First, we examine crowdsourcing approaches that engage medical students to collect manual annotation data. Our results show that a structured, collaborative approach with pathologist supervision is scalable; the resultant publicly-released BCSS and NuCLS datasets contain 20,000 and 200,000 annotations of tissue regions and nuclei, respectively. We show that medical students produce accurate annotations for predominant, visually distinctive structures and that algorithmic suggestions help scale and improve the accuracy of annotations.

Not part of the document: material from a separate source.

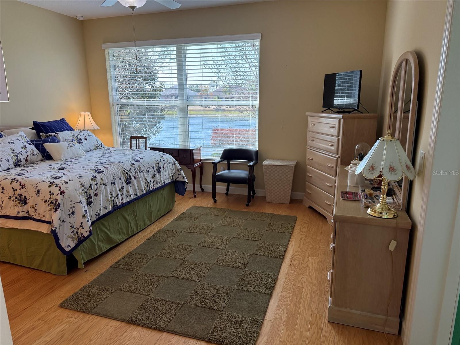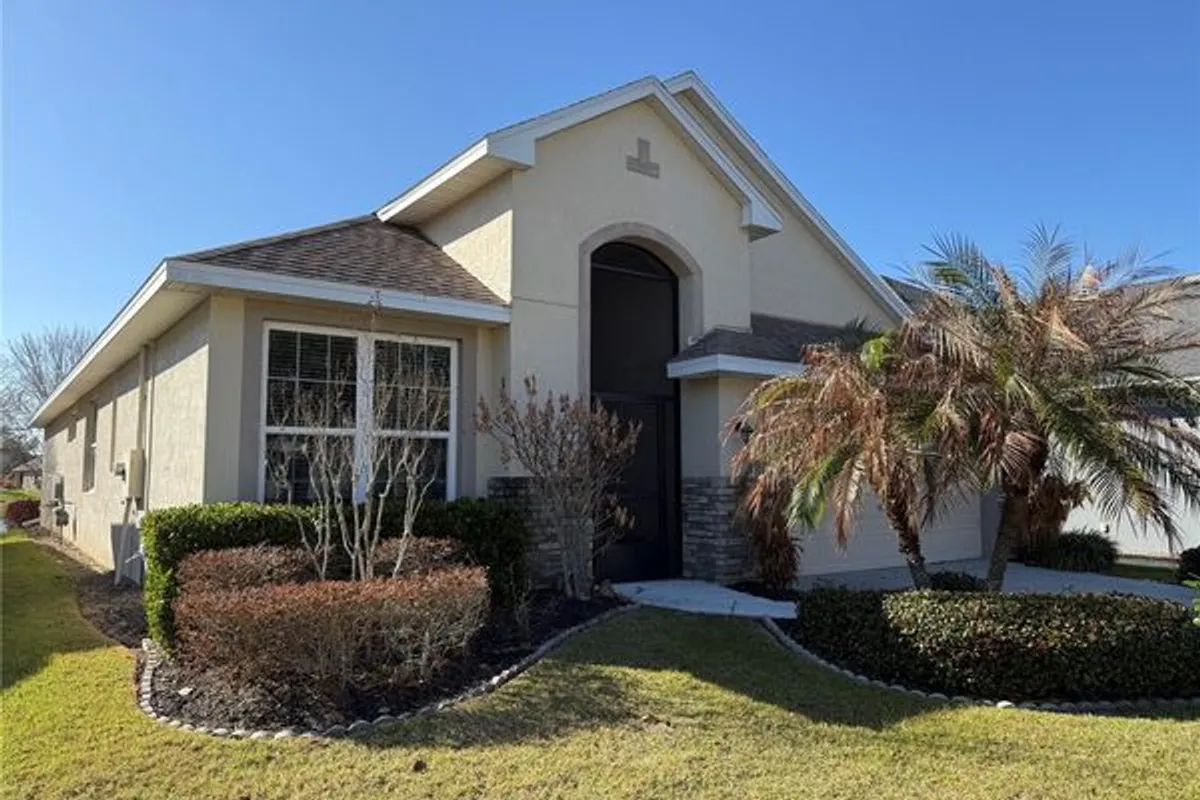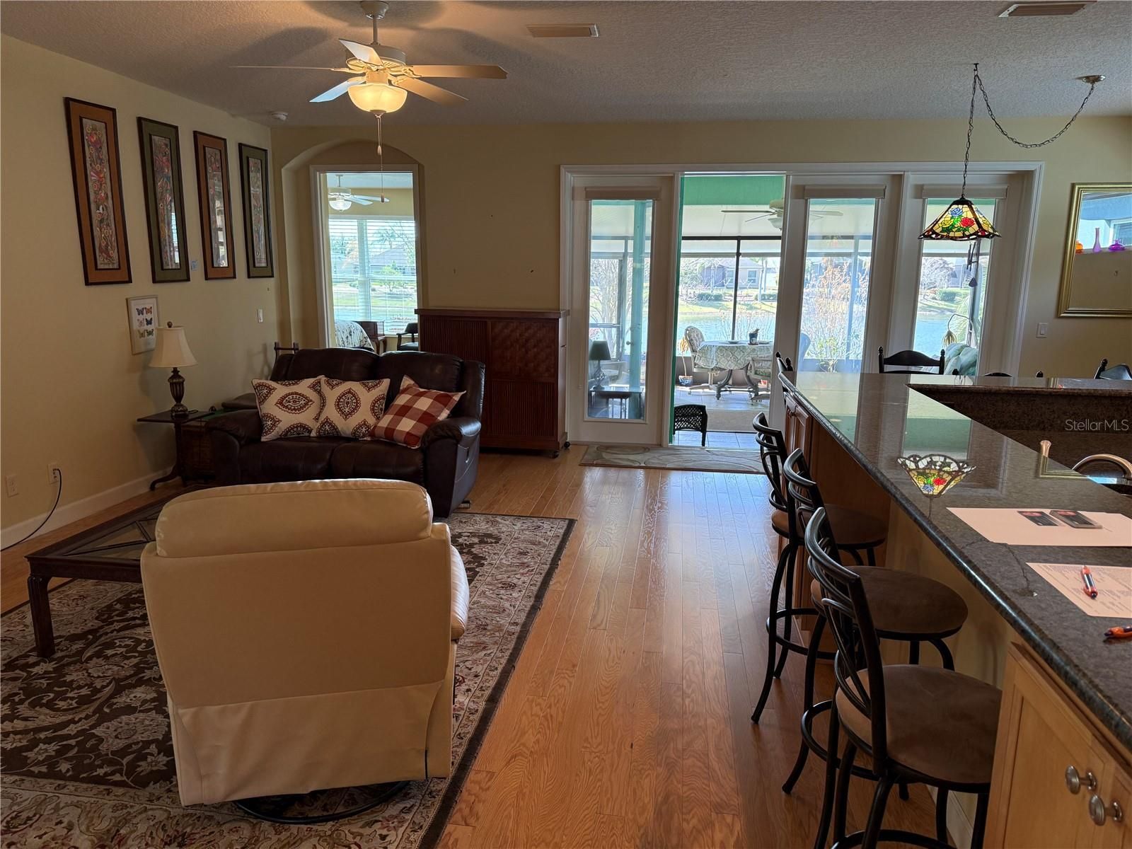 A design that is breath taking and relaxation, as you walk in the front door, this home, built by Pringle Builders in 2015 with 1823 sq. ft. of open design charm and pleasure renders immediate appeal. To the left of the foyer is nestled a lovely bedroom with a tiled tub with shower, an adjacent linen closet opening back, directly to beautiful tongue and groove oak floors and a view through French Doors and expanded Lanai to the striking water view peeking above floral and fauna with sand hill cranes, even Eagles or Osprey or Anhinga, at times, diving for food. Probably, room for a pool, but currently a screened and very comfortable expanded Lanai with grassy expanse to the waters edge where a canoe or kayak could rest on your bank for easy access to navigate a fairly large body of water, even some moor a pontoon boat on their banks (must not be gas propelled & not over-night). Catch and release fishing is available (Eagles and Osprey excepted) brings some respectful catches. Moving further from the foyer, the open design of comfort and beauty in this home, opens to a large family room that includes a dining area on the right of the entertainment center while expanding to a granite top and an impeccable kept kitchen with tile and hardwood cabinets and stainless steel appliances. Just beyond the gorgeous kitchen lies a larger than expected eating area with the continued pleasure of a view through the Lanai to rippled waters of the Lake. Inconspicuously just off the Family Room is quite a nice bedroom- or office space with glass French doors, while on the back left corner, the Primary Bedroom invites you to rest with easy access to the expanded Lanai or enjoy the view of Azaleas and Crepe Myrtle with an amazing view of the Lake. Privately around the corner of a roomy bedroom is a hallway with two large closets and bonus linen and medicine pantries that precede to a large walk-in tiled shower, double sinks with large mirror and cabinet space, tucked at the end with a roomy water closet with a pocket door for privacy. You must see this charm and gracefulness to experience it for yourself. Come take a look and see. Kept like new ready for you to find the same joy and happiness! Further enjoyment awaits with having a special relationship and access to the Mount Dora Country Club with a direct gate from the Lakes to the County Club directly access with just a click on your gold cart. Or, enjoy the 18000 sq. ft. Community Center in the Lakes of Mt. Dora with activities and clubs, bingo, bocce, large swimming pool, sauna, exercise room, library, auditorium where shows and dance and celebrations bring joy. Pickle Ball, tennis, croquet, or a trail around with exercise stations. All near shopping, medical needs, 45 minutes to MCO or Disney or Universal. Just a short drive to downtown Mount Dora with its special charm and quinine, or an hour to the Ocean. All within the walls of this lovely home in a community maintained to reasonable standards by leaders of an HOA that have earned respect for efficiency and management for a lovely place to live.

Second, we describe a set of CNN modeling approaches for the accurate delineation of histopathologic structures. We describe various improvements to enhance the performance of nucleus detection CNN models and introduce a technique called Decision Tree Approximation of Learned Embeddings, which helps explain CNN nucleus classifications without compromising prediction accuracy. Additionally, we offer consensus recommendations from the International Immuno-Oncology Working Group surrounding the computational detection of tumor-infiltrating lymphocytes, a critical emerging biomarker. Following these recommendations, we develop and validate a multi-scale CNN model that jointly detects tissue regions and nuclei, employing pre-defined biological constraints to improve accuracy.
Finally, we describe the development of a morphologic signature based on quantitative features extracted from computationally-delineated histopathologic regions and cells. This morphologic signature relies partly on a set of stromal features not captured by clinical guidelines for breast cancer grading, and has a stronger independent prognostic value.